Could you retype exactly the lines below between the one holding "Černá oboustranná dámská" and the one holding "Klec SMALLRIG 2087", inclusive, leaving out any pictures?

Material for the task:
════

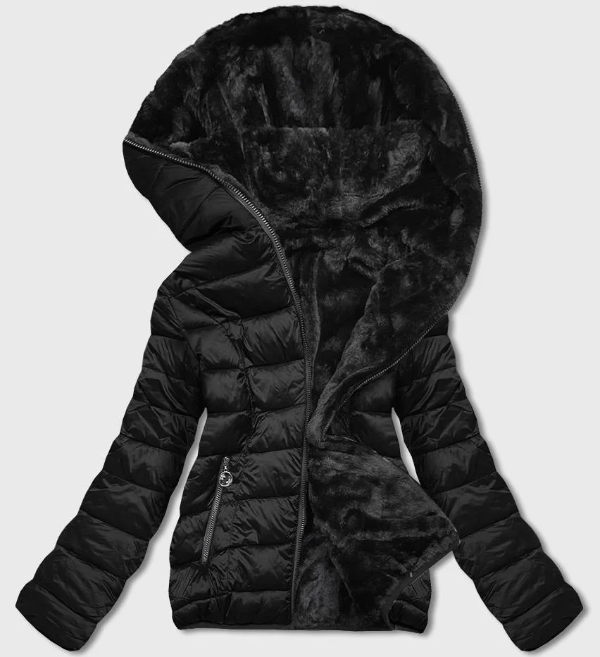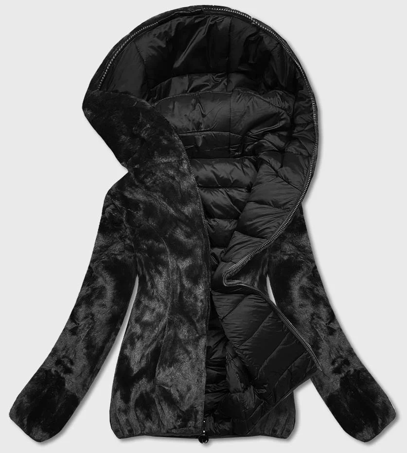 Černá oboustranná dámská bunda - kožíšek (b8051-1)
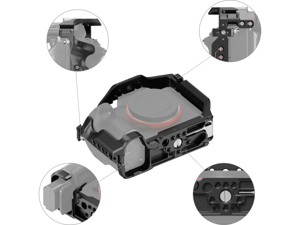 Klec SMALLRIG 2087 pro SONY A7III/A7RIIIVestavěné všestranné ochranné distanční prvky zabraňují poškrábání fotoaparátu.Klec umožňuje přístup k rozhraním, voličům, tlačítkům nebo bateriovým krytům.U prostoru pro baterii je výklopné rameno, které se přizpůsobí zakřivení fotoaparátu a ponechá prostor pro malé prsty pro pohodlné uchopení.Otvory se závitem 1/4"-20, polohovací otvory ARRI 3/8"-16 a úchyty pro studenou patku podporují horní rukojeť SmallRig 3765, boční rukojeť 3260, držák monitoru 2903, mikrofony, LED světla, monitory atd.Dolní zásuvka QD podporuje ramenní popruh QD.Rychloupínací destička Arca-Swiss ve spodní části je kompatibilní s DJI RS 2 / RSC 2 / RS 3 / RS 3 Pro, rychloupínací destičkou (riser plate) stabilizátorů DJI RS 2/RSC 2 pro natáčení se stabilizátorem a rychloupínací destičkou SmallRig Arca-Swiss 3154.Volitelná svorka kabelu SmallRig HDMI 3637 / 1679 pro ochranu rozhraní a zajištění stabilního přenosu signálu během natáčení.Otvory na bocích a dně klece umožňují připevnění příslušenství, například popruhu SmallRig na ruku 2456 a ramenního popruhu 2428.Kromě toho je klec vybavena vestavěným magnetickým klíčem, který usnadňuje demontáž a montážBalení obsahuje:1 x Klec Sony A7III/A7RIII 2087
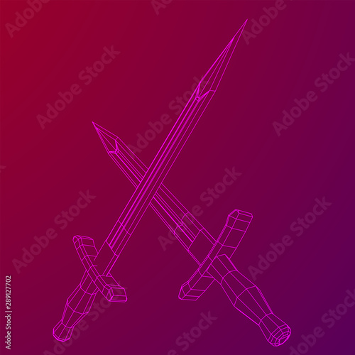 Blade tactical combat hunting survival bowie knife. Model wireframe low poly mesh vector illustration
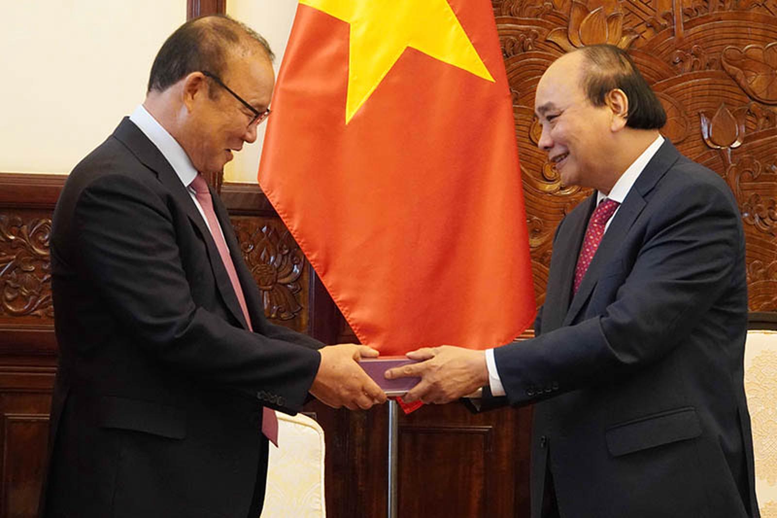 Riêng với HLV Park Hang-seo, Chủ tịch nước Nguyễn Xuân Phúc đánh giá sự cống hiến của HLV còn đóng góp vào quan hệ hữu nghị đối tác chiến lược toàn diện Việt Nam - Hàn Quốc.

════

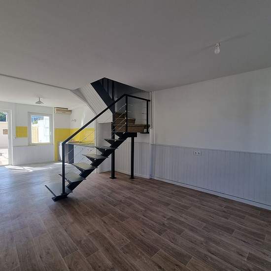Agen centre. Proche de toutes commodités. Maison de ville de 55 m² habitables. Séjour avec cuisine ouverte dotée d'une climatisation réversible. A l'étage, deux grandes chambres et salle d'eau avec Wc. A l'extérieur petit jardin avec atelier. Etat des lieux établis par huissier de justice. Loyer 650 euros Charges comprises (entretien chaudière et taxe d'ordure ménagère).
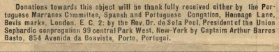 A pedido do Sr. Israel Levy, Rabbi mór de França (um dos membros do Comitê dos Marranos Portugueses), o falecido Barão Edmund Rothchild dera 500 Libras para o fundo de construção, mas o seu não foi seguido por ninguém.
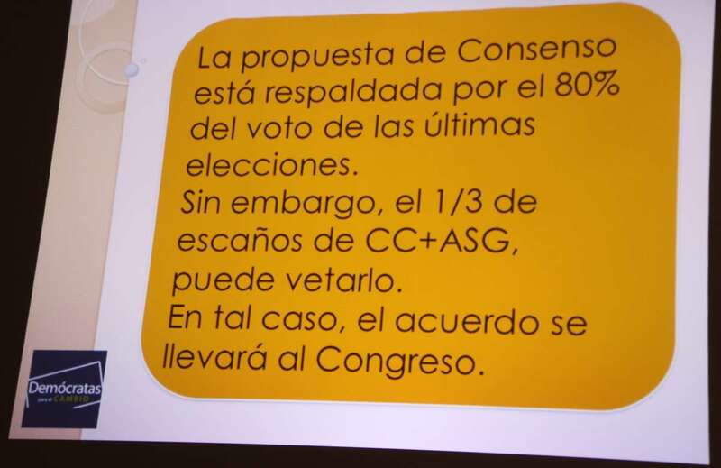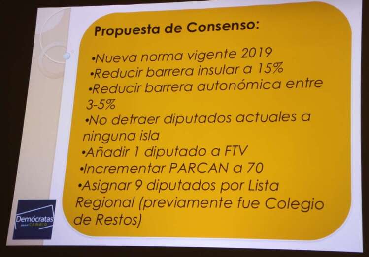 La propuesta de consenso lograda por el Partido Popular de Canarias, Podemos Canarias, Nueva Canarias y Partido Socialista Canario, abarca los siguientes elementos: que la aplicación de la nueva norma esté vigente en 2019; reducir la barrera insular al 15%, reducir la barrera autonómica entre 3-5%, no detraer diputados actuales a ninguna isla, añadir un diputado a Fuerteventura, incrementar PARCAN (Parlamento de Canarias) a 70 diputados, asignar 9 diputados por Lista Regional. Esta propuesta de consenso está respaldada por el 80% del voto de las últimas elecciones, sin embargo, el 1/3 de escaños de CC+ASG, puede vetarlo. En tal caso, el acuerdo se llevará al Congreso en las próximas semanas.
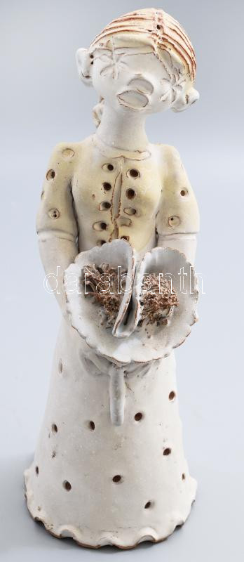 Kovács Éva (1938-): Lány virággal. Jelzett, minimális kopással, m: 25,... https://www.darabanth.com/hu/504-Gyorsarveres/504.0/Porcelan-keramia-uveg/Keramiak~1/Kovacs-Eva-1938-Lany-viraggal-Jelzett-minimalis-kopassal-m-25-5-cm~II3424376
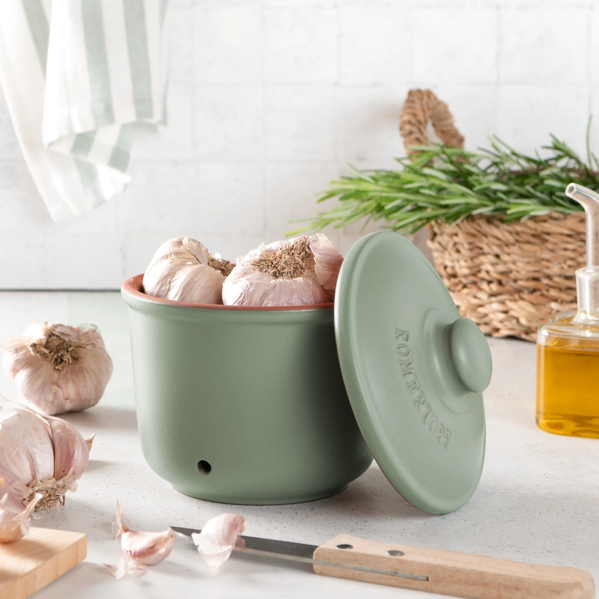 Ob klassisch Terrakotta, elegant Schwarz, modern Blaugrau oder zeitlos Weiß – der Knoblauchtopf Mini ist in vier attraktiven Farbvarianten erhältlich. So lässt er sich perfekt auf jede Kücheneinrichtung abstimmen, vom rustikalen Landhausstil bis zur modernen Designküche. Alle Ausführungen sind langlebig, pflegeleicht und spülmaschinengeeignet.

════

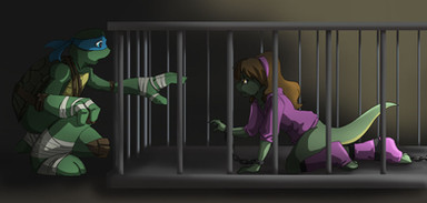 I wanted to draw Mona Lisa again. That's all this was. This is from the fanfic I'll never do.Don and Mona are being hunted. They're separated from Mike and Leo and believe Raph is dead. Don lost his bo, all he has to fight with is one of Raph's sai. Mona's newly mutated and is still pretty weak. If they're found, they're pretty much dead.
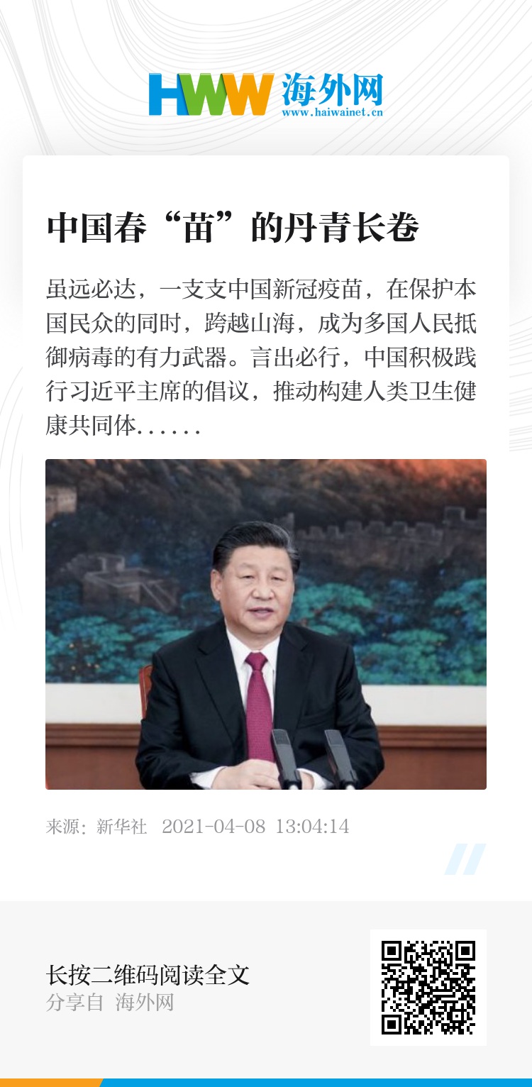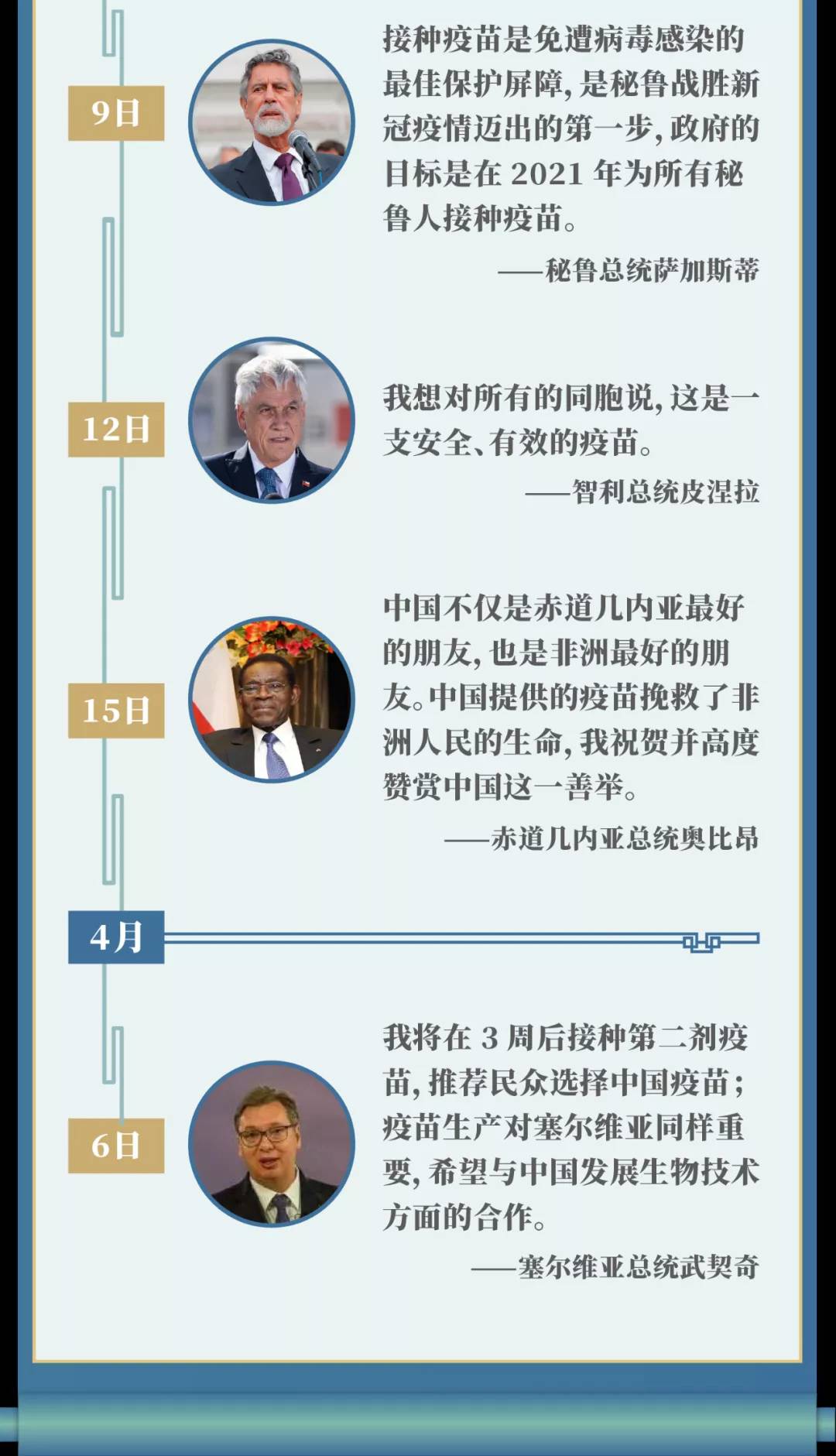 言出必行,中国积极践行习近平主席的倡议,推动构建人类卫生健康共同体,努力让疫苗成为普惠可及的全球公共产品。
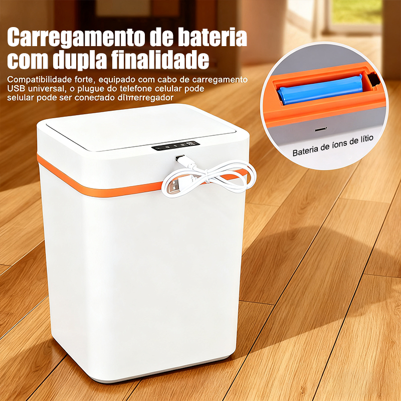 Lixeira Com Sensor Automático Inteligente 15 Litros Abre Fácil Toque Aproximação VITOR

════

Solution to this problem:
 Černá oboustranná dámská bunda - kožíšek (b8051-1)
 Klec SMALLRIG 2087 pro SONY A7III/A7RIIIVestavěné všestranné ochranné distanční prvky zabraňují poškrábání fotoaparátu.Klec umožňuje přístup k rozhraním, voličům, tlačítkům nebo bateriovým krytům.U prostoru pro baterii je výklopné rameno, které se přizpůsobí zakřivení fotoaparátu a ponechá prostor pro malé prsty pro pohodlné uchopení.Otvory se závitem 1/4"-20, polohovací otvory ARRI 3/8"-16 a úchyty pro studenou patku podporují horní rukojeť SmallRig 3765, boční rukojeť 3260, držák monitoru 2903, mikrofony, LED světla, monitory atd.Dolní zásuvka QD podporuje ramenní popruh QD.Rychloupínací destička Arca-Swiss ve spodní části je kompatibilní s DJI RS 2 / RSC 2 / RS 3 / RS 3 Pro, rychloupínací destičkou (riser plate) stabilizátorů DJI RS 2/RSC 2 pro natáčení se stabilizátorem a rychloupínací destičkou SmallRig Arca-Swiss 3154.Volitelná svorka kabelu SmallRig HDMI 3637 / 1679 pro ochranu rozhraní a zajištění stabilního přenosu signálu během natáčení.Otvory na bocích a dně klece umožňují připevnění příslušenství, například popruhu SmallRig na ruku 2456 a ramenního popruhu 2428.Kromě toho je klec vybavena vestavěným magnetickým klíčem, který usnadňuje demontáž a montážBalení obsahuje:1 x Klec Sony A7III/A7RIII 2087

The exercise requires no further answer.